Warning
This article was automatically translated by OpenAI (gpt-4o).It may be edited eventually, but please be aware that it may contain incorrect information at this time.
"Launching an OpenAI-Compatible Server Using Gemma Model with llama-cpp-python and Access It from Spring AI" in the same way, we will try Meta's Llama 3.
Table of Contents
Installing llama-cpp-python
First, create a virtual environment.
mkdir -p $HOME/work/llm
cd $HOME/work/llm
python3 -m venv .venv
source .venv/bin/activate
Install llama-cpp-python along with the server.

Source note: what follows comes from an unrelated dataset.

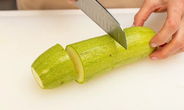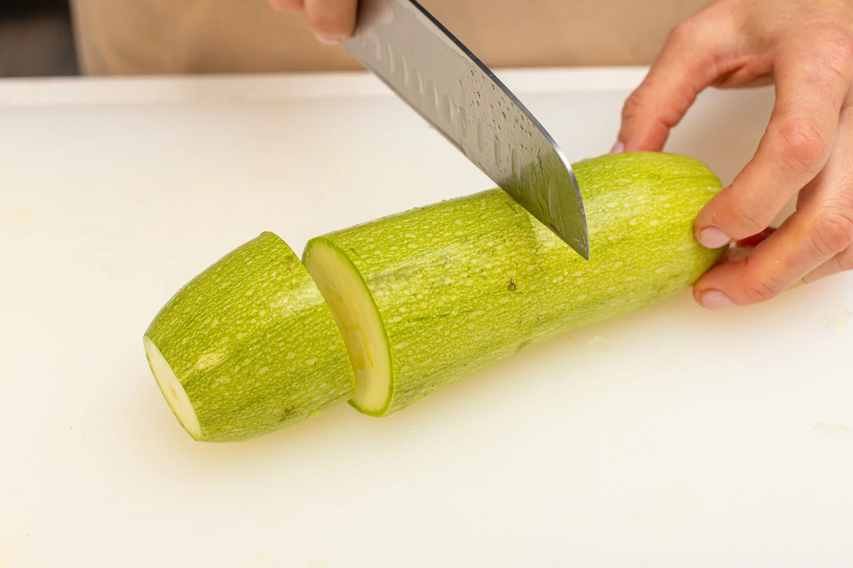 Кабачки помойте, отрежьте плодоножки. Разрежьте каждый кабачок на несколько частей.

CMAKE_ARGS="-DLLAMA_METAL=on" pip install --force-reinstall --no-cache-dir 'llama-cpp-python[server]'
Note
If you encounter errors on an Apple Silicon Mac, try the setup described at https://github.com/abetlen/llama-cpp-python/blob/main/docs/install/macos.md.
chat_format="llama-3" was supported in the following commit, so use v0.2.64 or higher.
https://github.com/abetlen/llama-cpp-python/commit/8559e8ce88b7c7343004eeccb7333b806034b01c
Downloading Llama 3
sudo mkdir -p /opt/models
sudo chown -R $USER /opt/models
The model used with llama-cpp-python needs to be in GGUF format, so we will use the following model converted to GGUF format.
https://huggingface.co/QuantFactory/Meta-Llama-3-8B-Instruct-GGUF
Download Meta-Llama-3-8B-Instruct.Q4_K_M.gguf to /opt/models/.
Starting the OpenAI-Compatible Server
Start the server with the following command. You need to specify --chat_format=llama-3.
python3 -m llama_cpp.server --chat_format=llama-3 --model /opt/models/Meta-Llama-3-8B-Instruct.Q4_K_M.gguf --n_gpu_layers 1
You can check the API documentation from the following.
The OpenAI "Create chat completion" API requires the
modelparameter, but it seems that themodelparameter is not necessary for llama-cpp-python.
Accessing with curl
curl -s http://localhost:8000/v1/chat/completions \
-H "Content-Type: application/json" \
-d '{
"messages": [
{"role": "user", "content": "Give me a joke."}
]
}' | jq .
A joke was returned.
{
"id": "chatcmpl-755f1cc0-39e1-408c-b119-11034492b500",
"object": "chat.completion",
"created": 1715328366,
"model": "/opt/models/Meta-Llama-3-8B-Instruct.Q4_K_M.gguf",
"choices": [
{
"index": 0,
"message": {
"content": "Here's one:\n\nWhy couldn't the bicycle stand up by itself?\n\n(Wait for it...)\n\nBecause it was two-tired!\n\nHope that made you laugh!",
"role": "assistant"
},
"logprobs": null,
"finish_reason": "stop"
}
],
"usage": {
"prompt_tokens": 17,
"completion_tokens": 32,
"total_tokens": 49
}
}
Accessing with Spring AI
Let's access it from an app using Spring AI.
Since it is OpenAI-compatible, you can use the OpenAI Chat Client of Spring AI.
Here is a sample app.
https://github.com/making/hello-spring-ai
git clone https://github.com/making/hello-spring-ai
cd hello-spring-ai
./mvnw clean package -DskipTests=true
java -jar target/hello-spring-ai-0.0.1-SNAPSHOT.jar --spring.ai.openai.base-url=http://localhost:8000 --spring.ai.openai.api-key=dummy
$ curl localhost:8080
Here's one:
Why couldn't the bicycle stand up by itself?
(Wait for it...)
Because it was two-tired!
Hope that made you smile! Do you want to hear another one?
This app itself is for OpenAI, but the advantage of using llama-cpp-python is that you can use Llama-3 just by changing the properties.
If you don't care about compatibility with the OpenAI API and just want to use Llama 3, you can also use Ollama via spring-ai-ollama.